原文:Microbenchmarking Nvidia’s RTX 4090
作者:clamchowder

NVIDIA RTX4090,架构代号Ada Lovelace,采用台积电4nm技术,核心代号AD102。RTX4090除了NV官方大肆宣扬的光追性能外,拥有128个SMs(实际上AD102有144个,GA102有84个)。

此文中的对比试验主要是来自OpenCL写的Microbenchmarking Kernel,主要关注缓存和存储子系统。

一些名词的对应
SMs, Streaming Multiprocessors (NV) = WGPs, Workgroup Processors (AMD)
Shared Memory (NV) = Local Data Share (AMD)

Cache and Memory Latency

Ada Lovelace 的L2大小从Ampere的6MB提升到了96MB(AD102),其中RTX 4090使用了72MB。
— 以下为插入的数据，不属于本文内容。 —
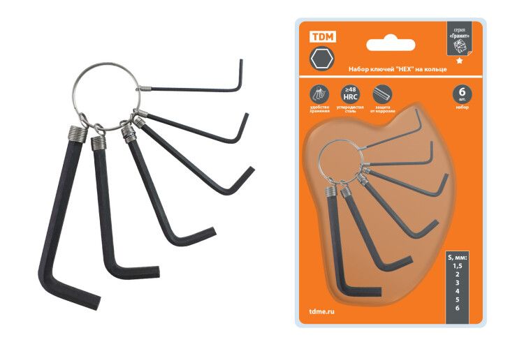 Набор ключей "HEX" на кольце 6 шт.: 1.5 - мм, углеродистая сталь, блистер "Гранит" TDМ | SQ1020-0201 TDM ELECTRIC - это незаменимый инструмент для монтажа и демонтажа шестигранного и TORX крепежа. Он идеально подходит для сборки мебели, механосборочных работ в автомастерских и на производстве, а также для ремонта бытовой техники.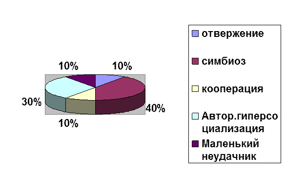 Для проверки гипотезы нами был произведен отбор детей с повешенным уровнем тревожности попавших в группу риска на основании данных школьного психолога. В результате сформировалась группа в кол-ве 22 человек. После проведение бесед с родителями детей группы риска, сформирована группа в кол-ве 10 человек. Для определения родительского отношения к ребенку мы использовали тест-опросник, разработанный А.Я.Варгой и В.В.Столиным, который позволил выявить систему разнообразных чувств по отношению к ребенку, поведенческих стереотипов, практикуемых в общении с ним, особенности восприятия и понимания личности ребенка и его поступков. Результаты вы видите на диаграмме.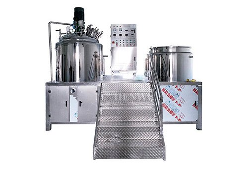 The vacuum heating lifting homogenizing emulsifier with oil and water phases is a specialized piece of equipment designed for emulsifying, homogenizing, heating, and mixing processes. It is widely used in industries such as cosmetics, pharmaceuticals, food, and chemicals. Working capacity: 1000 Liters

同时,VRAM的带宽没有显著增加,这里NV的策略是通过提高L2的缓存大小来缓解当计算容量扩展时存储带宽的瓶颈。

Both of Nvidia’s recent architectures have a large L1 cache private to each SM, but Ada Lovelace substantially expands the L2 cache. Ampere had a conventionally sized 6 MB L2, but AD102 packs 96 MB of L2. The RTX 4090 has 72 MB of that L2 cache enabled.

AMD 的 RDNA2 架构使用4层设计的缓存结构,最后一层是Infinity Cache堆叠。Ada Lovelace在L2延迟上相对Ampere有所降低,但是还是不及RDNA2的L2,但是要比Infinity Cache的延迟低。NV用一级缓存就填补了AMD的L2和Infinity Cache两级缓存作用。

Bandwidth

Single Group

RDNA2 在进入L2及以后的部分,带宽要优于Ada Lovelace,同时优于Ampere。Ada Lovelace在这部分相较于Ampere还是有提升的。RDNA2 相比较而言,更擅长处理低占用率的情况。

Groups Scale

对于NV的L2 Cache带宽和AMD的Infinity Cache带宽,在低占用的情况下(< 24),RDNA2 保持优势,在高占用的情况下,NV则占据上风。同时在全部的情况下,Ada Lovelace的带宽都要优于Ampere。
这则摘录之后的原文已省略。